Master Thesis, Justus Liebig University, FB-06 Department, 2022
Samuel Sander’s Master Thesis explores the inversion effects in humans and deep neural networks, examining how orientation affects object recognition in both. By comparing human performance with that of deep neural networks across various visual tasks, this work seeks to understand if neural networks can predict inversion effects in humans. Through methodological approaches involving the Ecoset dataset and different network architectures, the thesis finds significant inversion effects in both humans and neural networks, suggesting similarities in classification behaviors despite differences in error distributions under increased image distortion.
Bachelor Thesis, Justus Liebig University, FB-06 Department, 2023
Christine Huschens’ Bachelor Thesis focuses on a study of the inversion effects in the perception of faces, pareidolias, and objects in both biological and artificial networks, employing eye-tracking and DeepGaze saliency maps for comparison.
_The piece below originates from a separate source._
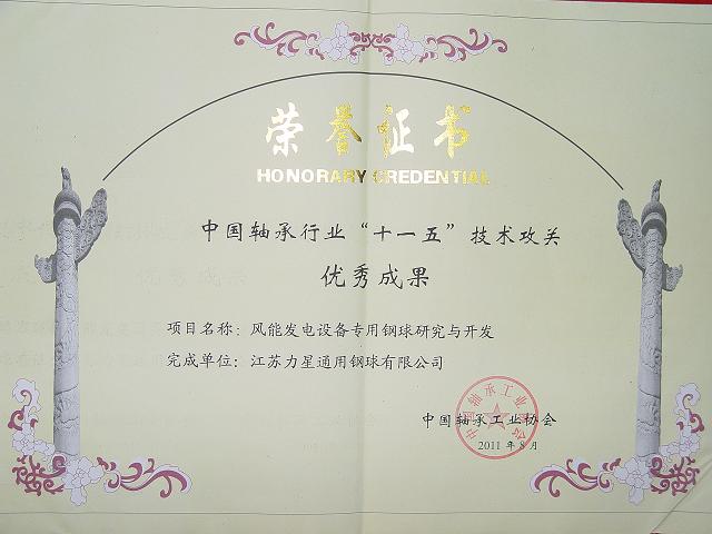 中國軸承工業(yè)協(xié)會技術(shù)委員會第六屆全體委員大會于2011830在寧波召開,會上,對“十一五”技術(shù)攻關(guān)優(yōu)秀成果及先進(jìn)企業(yè)進(jìn)行了表彰。我公司“風(fēng)力發(fā)電設(shè)備專用鋼球研究與開發(fā)”攻關(guān)項(xiàng)目,獲全國軸承行業(yè)“十一五”技術(shù)攻關(guān)優(yōu)秀成果獎,并被予以表彰。
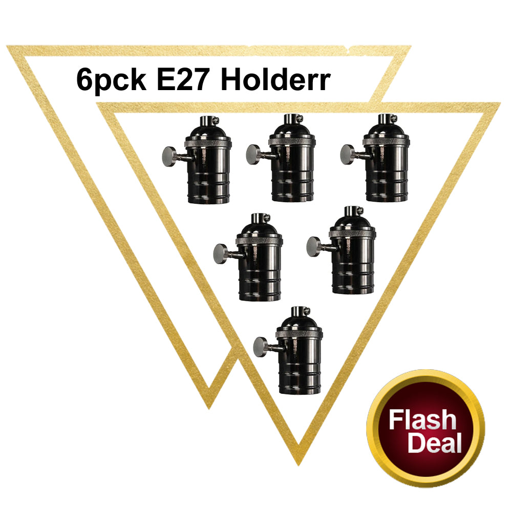 ✔ 6 x Black Colour E27 Switch Bulb holders only.

The thesis covers the phenomenon of pareidolia—the tendency to perceive faces in everyday objects—and investigates how this phenomenon and face recognition are affected when images are inverted. It explores the neural processes involved in detecting faces and pareidolias, comparing human and artificial neural network responses to these stimuli. The study aims to understand the influence of image inversion on fixation patterns in humans and artificial networks, and how context (art vs. real objects) affects these patterns.